Geneza owych odmieńców jest niesamowita. Np. tutaj mamy "nazistę", dlaczego "nazistę" a nie nazistę? a no dlatego, że chłopak w swoich przekonaniach wcale nazistą nie był, został nim bo był sfrustrowanym gnojkiem, który chyba w życiu od ojca po pysku nie dostał. Oglądając ten film od razu przypomniał mi się "Fucking Amal" traktujący o innych odmieńcach, mianowicie o lesbijkach. Tam też główna bohaterka nie była lesbijką po prostu tylko dlatego, że była sfrustrowana życiem. Wypływa z takich filmów jakże napawający optymizmem fakt. Jak długo będziemy mieli do czynienia z np. "nazistami" a nie nazistami, tak długo będziemy żyć w normalności. Jeżeli jednak kiedyś dojdzie do faktu zaistnienia prawdziwych nazistów to może być ciężko. Na szczęście to nam szybko nie grozi.
Akurat Fucking Amal jest złym przykładem, ale wiem o czym mówisz ;) chyba raczej, jak w "fanatyku" bodajże.
czemu chlopak został nazistą?? i jest "odmieńcem" może dla tego że cały czas dostawał od zycia kopa w dupe ? może dla tego że chciał coś zrobić,a że wybrał złą droge . karzdy uczy się na własnych błedach i nie nalezy od razukogoś od odmieńca wyzywać
Przecież w filmie konkretnie widać, że bohater wykolejony, depresant, dziwak itp.

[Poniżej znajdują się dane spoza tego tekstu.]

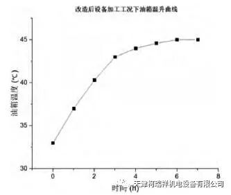 的流量下的当量冷却功率为 0.09k W/℃,满足要求;选择离心泵 TCP-118 作为冷却系统的循环泵,该泵的扬程为 12m。图 5 为改造后的设备在加工工况下的温升曲线。

A w filmie Fala świetnie widać jak tacy słaby, zagubieni samotni szybko znajdują moc w solidarnej grupie...
Dziwak, faktycznie. Taki mamy świat, że wrażliwych ludzi nazywa się dziwakami. Zauważmy, że główny bohater dostał się do grupy niejako z przypadku, trącił gościa nożem z przypadku. Nastoletni bunt na zastane okoliczności, dramatyczne - a jakże - pcha bohatera w szpony "gangu". Film nie jest żadną "genezą nazisty" - raczej opowieścią o traumach życia, słabości, tęsknocie. Tutaj nie ma ideologii. Jest za to poszukiwanie poczucia bezpieczeństwa, oparcia, człowieka. Bo ten obraz jest o JEDNOSTCE. Zdecydowanie jeden z najsmutniejszych filmów jakie widziałam.